I am sat in my friends beautiful kitchen with a glass of wine and currently a sleeping baby…bliss.
Lately, I have been pondering what it means to gather and what it means to be church.
I am well aware many of you do not attend church, or believe in God for that matter. But you may be fascinated by/interested in/worried for those of us who do?
Church is not always easy…far from it. You are a group of people who can be so different in every aspect of life and you gather together for the most personal reasons.
You may disagree on politics, interests couldn’t be further apart, theology and ideology are on a vast spectrum and yet you meet together once or twice a week. You do life with these people…
And sometimes its awkward, for me this is quite often because I say an inappropriate joke or speak to liberally about things that some people like to keep private…mainly sex.
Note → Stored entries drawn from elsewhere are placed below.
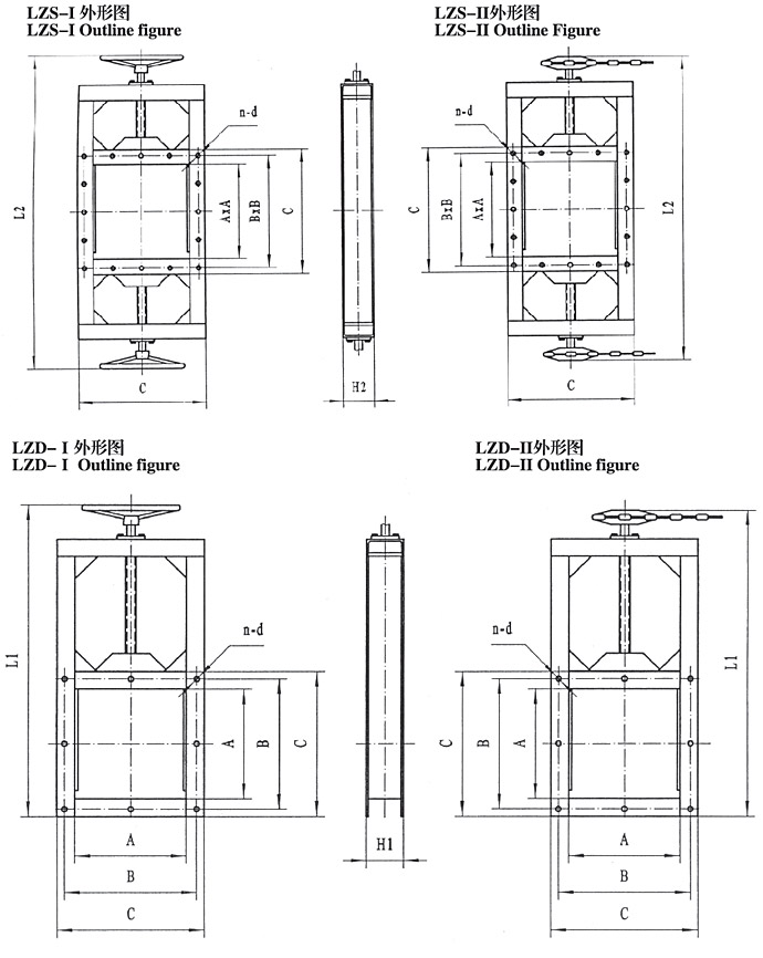結(jié)構(gòu)簡單、操作靈活、重量輕、無卡阻、切斷快,特別適用于各類無粘度的固體、粉料及小于 主要原理 主要由框架、閘板、絲桿、螺母等零件構(gòu)成,用手轉(zhuǎn)動手輪使絲桿帶著絲桿螺母和閘板沿水平方向往復(fù)運動,達(dá)到閘門的啟閉目的。 LZ 系列外形尺寸連接尺寸 使用說明 ·本閥可水平安裝或垂直安裝,安裝時兩法蘭連接中間必須加密封墊片,然后鎖緊螺栓。 ·操作時手輪順時針旋轉(zhuǎn)為閥關(guān),反之為開,不得在手輪上再增加輔助杠桿。 ·若長期存放應(yīng)使設(shè)備處于關(guān)閉狀態(tài),各傳動部位應(yīng)加潤滑油,不允許露天存放或堆置。
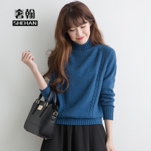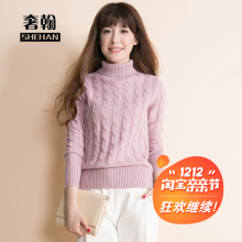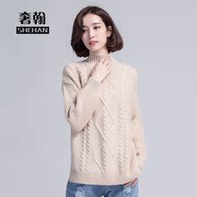 奢翰 新款高领羊绒衫百搭韩版短款套头麻花毛衣大码女装针织衫
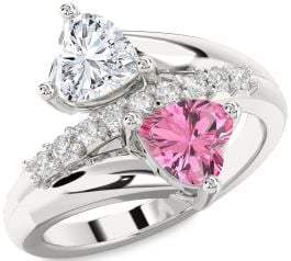 This elegant bypass Promise Ring features two stunning heart-shaped gemstones—one a radiant icy blue and the other a brilliant white—set gracefully in a polished yellow gold band. A shimmering row of round-cut accent diamonds curves between them, adding captivating sparkle. Symbolizing unity and eternal love, this ring is a perfect expression of heartfelt connection and timeless elegance.

I would like to point out that my husband likes me more because I create these awkward interactions…and that is because he is weird and enjoys the toe-curling cringe moments!
And yet in this mess of people, who include the whole spectrum of embarrassing and weird and wonderful, quiet and loud, straight and narrow (And despite some pretty horrific homophobia in the history of the church… hopefully our incredibly brave and strong LGBT brothers and sisters as well), conservative and raging liberals and all that’s in between when it comes to style, taste and humour. Here you wait on God, you seek the sacred/the more than, you explore, wrestle with doubt and hurt and pain, you are found.
There is nothing so raw and in such an unimaginable setting.
And yet it is our difference that maybe makes it so powerful. We may have no similarities except for knowing that we are here because of the grace of God.
There is nothing more humbling and releasing than confessing, than letting people pray for you, stand with you, seek God with you.
This is the church…at its best.
Sometimes its hard to access and it is far from perfect.
Sometimes because others put up walls (about who gets to be in or out), or because we make distance or guard ourselves against others seeing us in that vulnerable way. Maybe it is because we have told ourselves that weakness is embarrassing…but is it? That somehow needing support means you have no capabilities or strength…I don’t think it does.
I am in a process of questioning how accessible the church is…and by that I mean how accessible a culture of being raw am I cultivating. How honest and broken do I allow people to be, because I truly believe that is where the divine is.
Am I closed to people because of race, sexual orientation, background, position in society? I wish I wasn’t but I know I can be judgemental. And in ways I sometimes let slip by…for example I am disappointed to admit there have been times when I have shamed people-often conservative christian, wealthy, white men.
Not in a helpful way (I am pretty certain there is no ‘helpful way in shaming someone’)
But in a belittling way, that speaks nothing of Grace and everything of Judgement, which is the same thing I am trying to challenge.
My younger brother once said when he was a child, ‘Jen would love me more if I was gay’-I am not sure if he remembers this (he will probably tell me this isn’t true-but it is, and I think I have the best memory in my family, so I am holding onto this). And although I wouldn’t love him any more or less depending on his sexual orientation, I was desperate as a teen to know and love the marginalised. I got a bit focused on certain groups of people at different times, for example I was very keen to be Jewish. As it turns out, I hope my friends and family who are LGBT and/or Jewish know that I love them because of who they are and not because of their ethnicity/sexual orientation.
I often say, I want people to know the freedom and hope that comes with Faith but I don’t know how the church fits into that? But in saying that I have distanced myself from ‘the church’…which is ridiculous, the church is the body of Christ, which includes me.
If I want to see the church change, I have to be willing to be open to being changed-and that is easier said than done!
So in possibly the most random link, below is the video of my favourite ad…ever. The ad that made me believe I would love Guinness (I didn’t at first…but now don’t mind it…so well done marketing company!)
But it conjures within me a powerful sense of freedom, and relief and the sense that God is not done with me yet and the church is a work in progress.